The ELK Hat looks like it has an FPGA onboard to efficiently handle TDM (Basically squeezing multiple channels of audio down one I2S bus)
I am sure more hardware will start appearing pretty quickly now that the seal is broken so to speak.
the CPUs supported are for other versions of Elk are:
Intel Atom Cherry Trail X5-Z8350
NXP i.MX7d
NXP i.MX8M Mini
Raspberry Pi 3B / 3B+
Yes, the NXP i.MX* and the Broadcom on the RPi are all SOCs with Cortex-A cores.
No, and it will probably never be. We try as hard to support various SOCs and CODEC combination but it is basically impossible to have a distro that will work on “pretty much any SBC” given the amount of customization required for something like Elk.
Guess we’ll see if people hit limits with the RPi3. Circuit modelled VSTs will find it hardest to be performant on a RPi3 or 4, especially if they have been used to >3GHz Intel i7s as a backdrop. I guess sticking 2x RPis side by side is the obvious solution - cluster boards are out there for precisely this purpose.
Hi! I’ve received my Pi Hat (thanks!), and noticed a few differences from the getting started instructions.
There is no heat sink in the package
There are no female-female spacers
There are medium sized spacers and large sized spacers and screws
There is a printed “plate”
There are 4 plastic “feet”
A. Should I get other heat sinks and apply those to the RPi board?
B. I am assuming that the “plate” should be used as a base, and that the RPi will be “sandwiched” between the plate and the Pi Hat. The larger spacers would be placed between the plate and the Pi Hat. Is that correct?
C. The feet would be mounted to the bottom of the plate. Correct?
Are there any other corrections to the assembly instructions?
I think that guide was prepared for the previous batch of boards and not fully updated, we’ll look into it ASAP. Here at Elk I am notoriously the worst regarding stuff like screws or anything that exists “in the real world” but from what I know:
The heatsink goes on the Raspberry Pi, not on the Elk Pi hat and that’s why is not included in the kit. It’s not strictly necessary but highly recommended especially if you want to run non-trivial loads.
You can check this video for an overview of the process.

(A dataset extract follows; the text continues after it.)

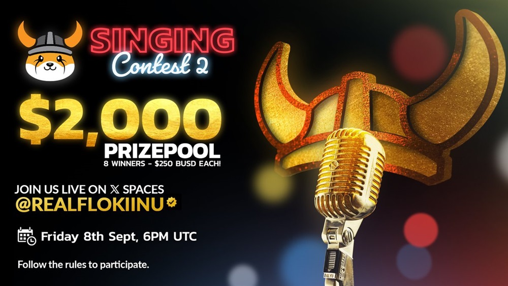 FLOKI is organizing its second singing contest on September 8th at 6 pm UTC on X. The contest is designed to showcase the musical talent and creativity of participants through original Floki songs, each lasting no more than 60 seconds.

Thanks for the reply! I checked out the Facebook video. It runs at hyper speed! Anyway, it appears that I guessed correctly for my question “B”. The only inconvenience is changing out the SD card, which is difficult without removing the bottom plate.
I also applied 2 heat sinks to the RPi, one to the CPU and a 2nd to the Ethernet/USB controller. These were supplied together so I figured that I should attach both.
Thanks for the feedback. We did quite few tests in order to choose the right size for the spacers in order to have a good compromise for accessing the SD card and having a compact size for carrying it around. In our experience when you get used to access the sd card with the plate mounted then it became easier, otherwise the easy fix is either to not mounting the back plate at all and using the spacers are “feet”, or just getting taller spacers. Keep us posted if you find a cool solution!